Auf die Honorare der Vertragsärzte und -psychotherapeuten wird sich die angespannte Finanzlage der Kassen aber Gassen zufolge nicht auswirken. Die Kriterien für die Honorarverhandlungen seien gesetzlich festgelegt. „Aber es dürfte deutlich schwieriger werden, über die Aufnahme neuer Leistungen in den EBM zu verhandeln“, vermutete er.

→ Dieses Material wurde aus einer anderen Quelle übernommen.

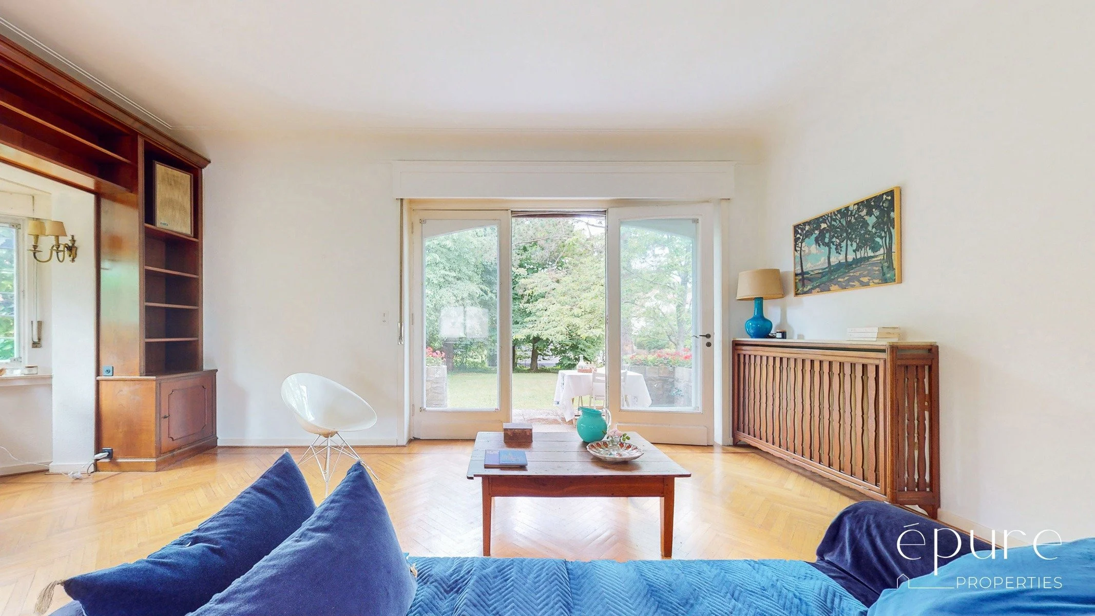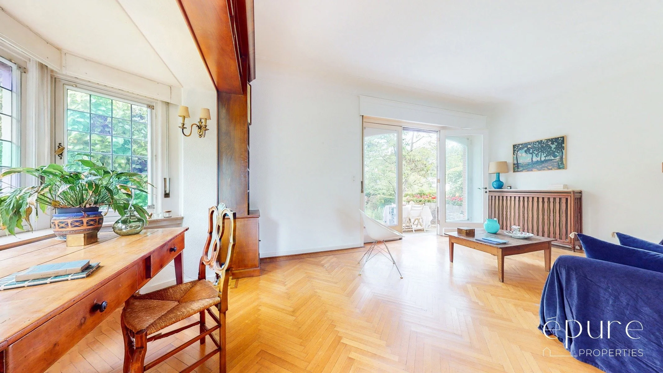 Le magnifique séjour en L de 65m2 se compose de la salle à manger, du salon et d’un espace bureau muni d’une grande bibliothèque. Il bénéficie d’une triple exposition et d’un ensoleillement tout au long de la journée. Cheminée fonctionnelle, parquet massif en arrête de poisson. Accès depuis le séjour vers la terrasse et le magnifique jardin arboré.
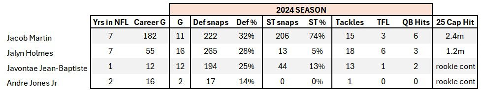 The remaining 3-horse race includes a 2nd-year player drafted by Adam Peters in the 7th round last year, Javontae Jean-Baptiste, and a pair of 7-year veterans in Jalyn Holmes, who started last season with the Jets but finished with Washington, and Jacob Martin, who has played for 6 NFL teams and was with the Bears last season where he spent nearly 2 months on IR to open the season.
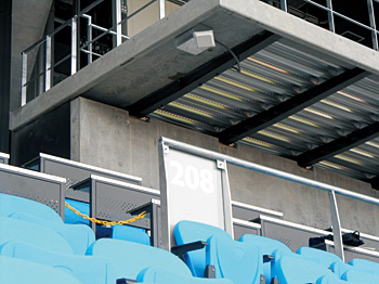 等々力陸上競技場で3月に完成した新メインスタンドにアンテナを設置した
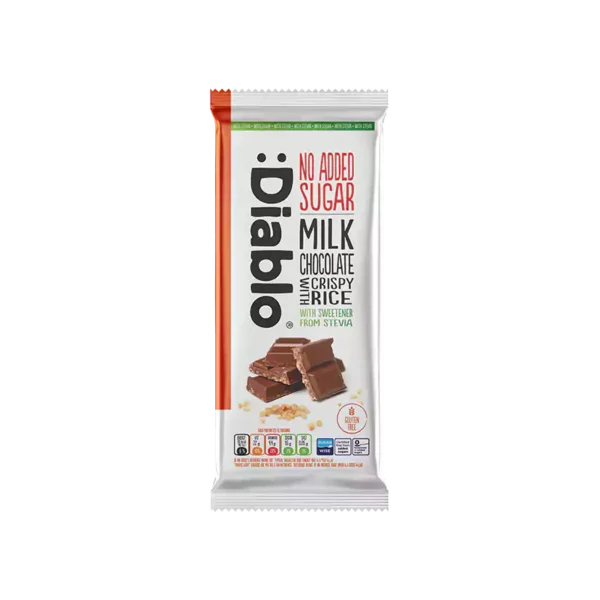Sweeteners (maltitol and steviol glycosides (0.02%)), cocoa butter, whole milk powder, extruded rice (rice flour, maize flour, salt )(12%), cocoa paste, butter, emulsifier (soya lecithin) and flavoring. Cocoa: 30% minimum. Contains naturally occurring sugars. Gluten Free. Excessive consumption may produce laxative effects. For allergens, see ingredients in bold. May contain other nuts.
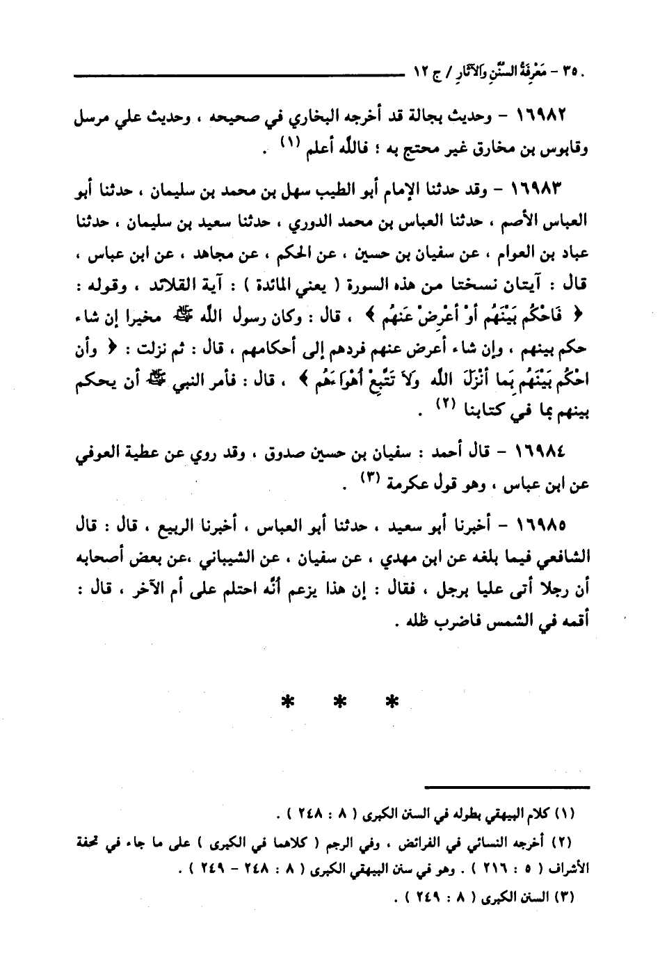 16983 - وَقَدْ حَدَّثَنَا الْإِمَامُ أَبُو الطِّيِّبِ سَهْلُ بْنُ مُحَمَّدِ بْنِ سُلَيْمَانَ , حَدَّثَنَا أَبُو الْعَبَّاسِ الْأَصَمُّ , حَدَّثَنَا الْعَبَّاسُ بْنُ مُحَمَّدٍ الدُّورِيُّ , حَدَّثَنَا سَعِيدُ بْنُ سُلَيْمَانَ , حَدَّثَنَا عَبَّادُ بْنُ الْعَوَّامِ , عَنْ سُفْيَانَ بْنِ حُسَيْنٍ , عَنِ الْحَكَمِ , عَنْ مُجَاهِدٍ , عَنِ ابْنِ عَبَّاسٍ , قَالَ: " §آيَتَانِ نُسِخَتَا مِنْ هَذِهِ السُّورَةِ يَعْنِي الْمَائِدَةَ: آيَةُ الْقَلَائِدِ , قَوْلُهُ: {فَاحْكُمْ بَيْنَهُمْ أَوْ أَعْرِضْ عَنْهُمْ} [المائدة: 42] , قَالَ: وَكَانَ رَسُولُ اللَّهِ صَلَّى اللهُ عَلَيْهِ وَسَلَّمَ مُخَيَّرًا إِنْ شَاءَ حَكَمَ بَيْنَهُمْ , وَإِنْ شَاءَ أَعْرَضَ عَنْهُمْ فَرَدَّهُمْ إِلَى أَحْكَامِهِمْ , قَالَ: ثُمَّ نَزَلَتْ: {وَأَنِ احْكُمْ بَيْنَهُمْ بِمَا أَنْزَلَ اللَّهُ وَلَا تَتَّبِعْ أَهْوَاءَهُمْ} [المائدة: 49] فَأَمَرَ النَّبِيَّ صَلَّى اللهُ عَلَيْهِ وَسَلَّمَ أَنْ يَحْكُمَ بَيْنَهُمْ بِمَا فِي كِتَابِنَا " ,
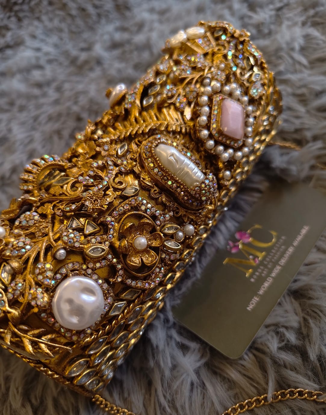 This big-size cylinder clutch features heavy, one-of-a-kind stone detailing, handcrafted to stand out with timeless elegance and rich texture.🧚♀️🧚♀️
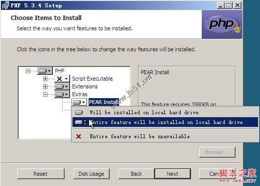 然后点击“next”按钮,到了选择安装选项的步骤,一般安装默认的就可以了,如果要添加的话需要点击一下前面的磁盘小图标,然后选择安装,第一项是只安装选中的项目,第二项是安装所有该项目的子项目。(图10)配置好后进入下一步
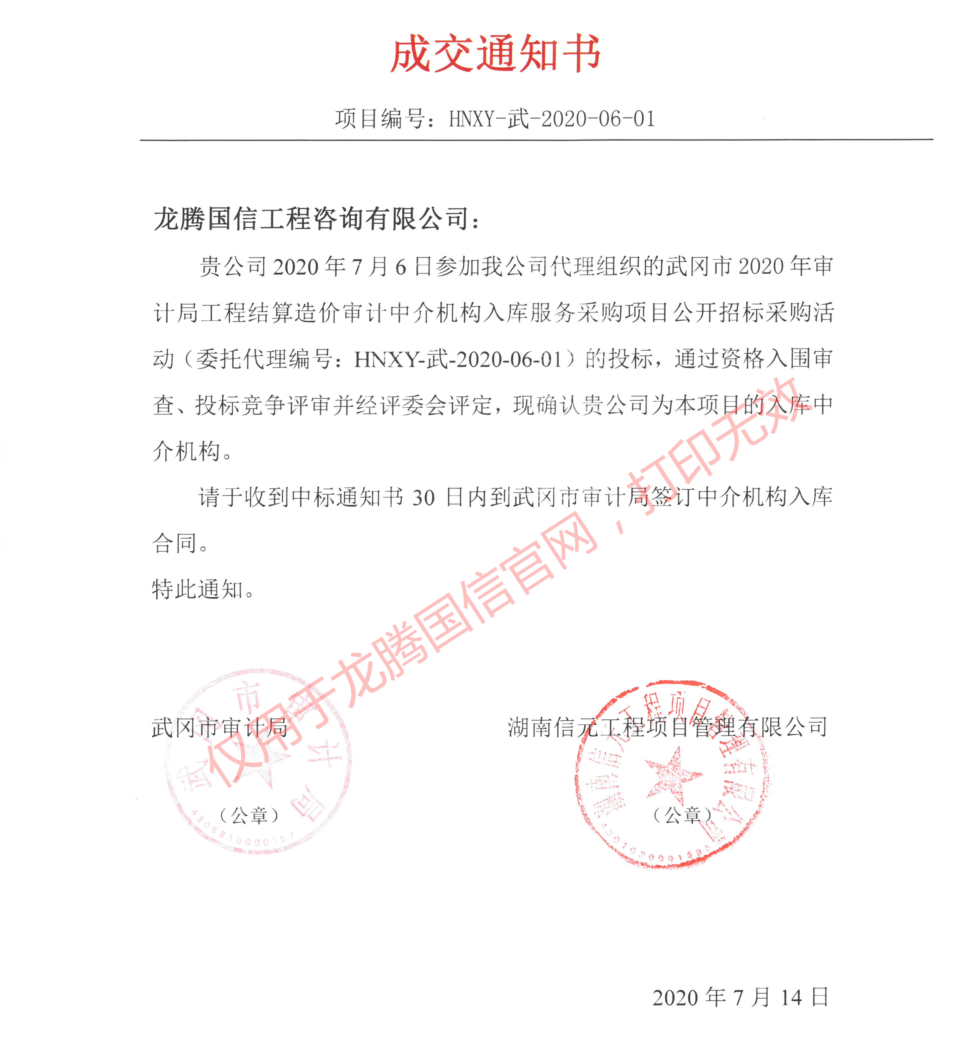 恭賀本公司中標武岡市審計局工程結算造價審計中介機構庫
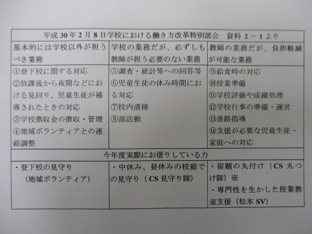 本校では、文科省からかつて出された働き方改革についての資料をもとに、今年度、地域の方に手伝っていただけることをいくつかお願いしてきました。下がそれです。
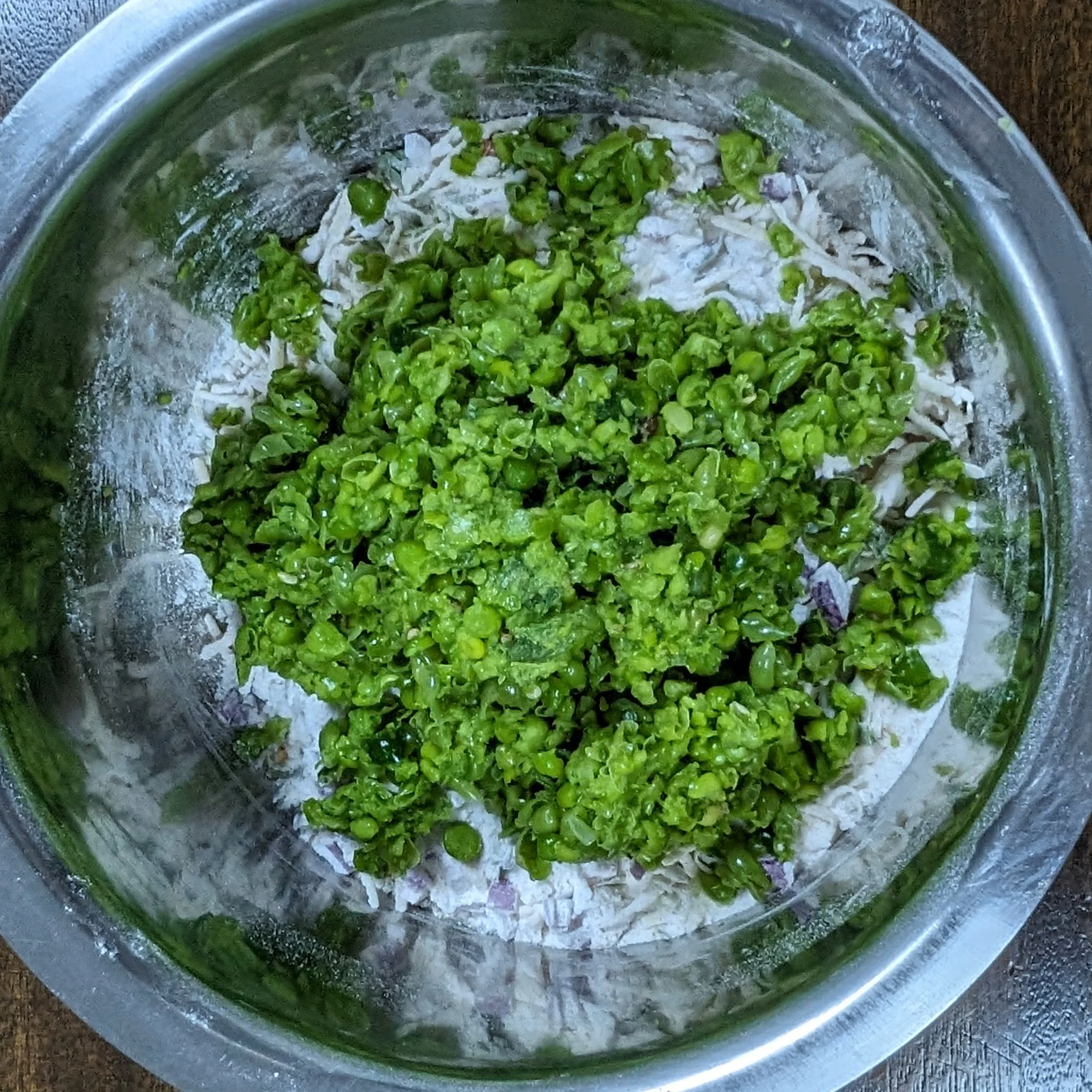 In a bowl add rice flour, matar paste, chopped onion, grated potato, chopped coriander leaves, salt, curds and all the dry spices. Mix well and then add water as needed to form a dropping consistency batter.

Die Coronapandemie habe aber auch gezeigt, dass man mit Spardiktaten im Gesundheitswesen vorsichtig sein sollte, sagte Gassen. Dass das deutsche Gesundheitswesen im internationalen Vergleich gut ausgestattet sei, habe hierzulande Schlimmeres verhütet.
Frühzeitige Tests ohne Kosten für die Versicherten, mehr als 500 Fieberpraxen und eine strikte Trennung von „normalen“ Patienten und Coronaverdachtsfällen hätten zum derzeitigen Erfolg bei der Eindämmung der Pandemie beitragen. Inzwischen sei man dabei, auch das Problem mangelnder Schutzausrüstung in den Griff zu bekommen. Ob es eine zweite oder gar dritte Infektionswelle geben werde, sei ungewiss, sagte Gassen. Das KV-System sei aber gut aufgestellt.